How to test for information disclosure
This is really hard to define, there are some general strategies you can follow which we will outline right here:
- It is generally important to not focus too much on one thing because you might not see some other obvious issues which have been hidden by drawing your attention into a rabbit hole.
- Look everywhere you can for sensitive data, do not just keep it to the topics covered in this article but if you can think of any other places to look for sensitive data, definitely add it to your methodology.
- Usually you will not find information when you are specifically looking for it but when you are doing other activities. This means that you need to pretty decent at recognising what sensitive data looks like. This requires some pretty deep understanding of the target you are attacking, otherwise you can't know what is supposed to be sensitive information
- If possible check for physical threats
- If the target disclosed debug information, explore it
- Explore Git, both the company profiles and the employees
- Explore social media such as twitter, facebook and linkedIn. both the company profiles and the employees
- Check for directory listings
- Check for backups, if possible by directory tree or by brute forcing and fuzzing looking for .bak files
How vulnerable is my confidential information?

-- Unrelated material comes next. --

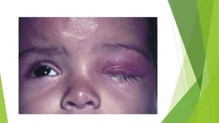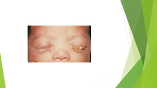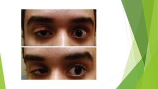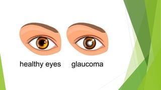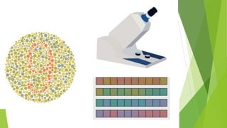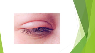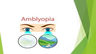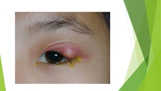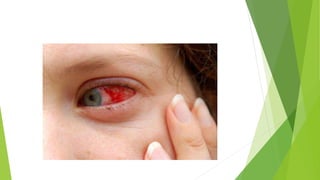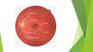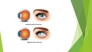 This document provides an overview of visual disorders including the anatomy and physiology of the eye. It discusses several common inflammatory and non-inflammatory conditions that can cause visual impairment such as conjunctivitis, ophthalmia neonatorum, retinitis, stye, cataract, glaucoma, and ptosis. It also covers refractive errors including myopia, hyperopia, and astigmatism. Disorders that can impair vision like strabismus, amblyopia, color blindness, diplopia, and night blindness are described. For each condition, the definition, causes, pathophysiology, clinical manifestations, diagnostic evaluation, management and prevention are summarized.

This is a hard question to answer as it will differ for every organization. You will have to create a data plan to keep a list of every piece of data and how it is being stored and transferred. Is your information sent over plain text? This is of course not good as it sets you up for a man in the middle attack.
If you do encrypt your data, are you using weak or outdated algorithms to encrypt your data? This is also not good as attackers can either crack the data or sometimes even outright steal the key to decrypt your data so make sure those are stored safely as well.
Does your application send out too much information in the form of debug messages, logging of data or by decreasing the API security when disclosing too much information from said API.
How Can I Prevent Sensitive Data Exposure?
To prevent this vulnerability we have to guard our data very carefully. We need to create a plan for keeping track of all of the data we have and what is sensitive. When doing this we will need to keep several things in mind, these are regulations, privacy issues such GDPR and what data matters to the business stakeholders.
When handling this data, for example in debug or log messages, make sure to apply the strategy we set out per data type as some can have different requirements than others.
When handling this sensitive data, we need to make sure that we get rid of it as soon as possible and that we do not register or log it when it is not needed. This will greatly reduce the chance of exposing sensitive data.
If there is no other way than to store sensitive data, make sure that it is not in plain text format but encrypted properly. This is important because if the data does get stolen, it will be much harder to use and maybe even useless to the attacker.
This encryption needs to be done securely and with the correct, strong and up-to-date encryption algorithms applied to all data encryption.
It goes without saying that data that is being sent over any network is best encrypted to prevent any data leakage as well.
Moreover a company should have a great grip on their security. They should not leave any ghost repositories floating around with potentially sensitive data. In the case of repositories this also goes for comments and commits.
Special attention should be put into the caching of data as well as this is also a potential location of sensitive data.
Any password should be stored in password managers which should be set up to ensure secure storage with a proper encryption algorithm.
Sensitive information disclosure is one of the bugs that rarely leads to a report as a bug bounty hunter and rarely leads to a report with more than a medium/low severity rating. When it comes to the leaking of
- Account information
- API keys
Usually information disclosure is used to pivot to a much more impactful vulnerability. Information in and off itself is useless if we can't use it after all.